Description of the task - Of the entries below, return only those lines from the line with "Каждую заготовку окуните" to the line with "A rescuer performs", exactly, both included.

Data listing -
☆ ☆ ☆ ☆ ☆

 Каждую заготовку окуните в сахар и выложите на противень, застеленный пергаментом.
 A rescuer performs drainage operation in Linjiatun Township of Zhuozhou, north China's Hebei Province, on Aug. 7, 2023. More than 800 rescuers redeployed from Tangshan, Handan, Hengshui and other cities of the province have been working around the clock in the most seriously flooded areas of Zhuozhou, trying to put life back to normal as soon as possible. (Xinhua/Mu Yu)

☆ ☆ ☆ ☆ ☆

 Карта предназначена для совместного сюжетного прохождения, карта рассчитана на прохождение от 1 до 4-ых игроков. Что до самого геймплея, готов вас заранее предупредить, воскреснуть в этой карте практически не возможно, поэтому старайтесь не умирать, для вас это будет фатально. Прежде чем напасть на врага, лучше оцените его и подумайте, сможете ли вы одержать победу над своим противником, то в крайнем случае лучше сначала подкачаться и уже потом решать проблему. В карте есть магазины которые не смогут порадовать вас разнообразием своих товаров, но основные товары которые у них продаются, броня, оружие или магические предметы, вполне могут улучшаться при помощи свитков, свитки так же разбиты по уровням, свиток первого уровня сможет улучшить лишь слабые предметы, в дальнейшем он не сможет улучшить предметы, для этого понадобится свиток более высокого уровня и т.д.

☆ ☆ ☆ ☆ ☆

Response -
 Каждую заготовку окуните в сахар и выложите на противень, застеленный пергаментом.
 A rescuer performs drainage operation in Linjiatun Township of Zhuozhou, north China's Hebei Province, on Aug. 7, 2023. More than 800 rescuers redeployed from Tangshan, Handan, Hengshui and other cities of the province have been working around the clock in the most seriously flooded areas of Zhuozhou, trying to put life back to normal as soon as possible. (Xinhua/Mu Yu)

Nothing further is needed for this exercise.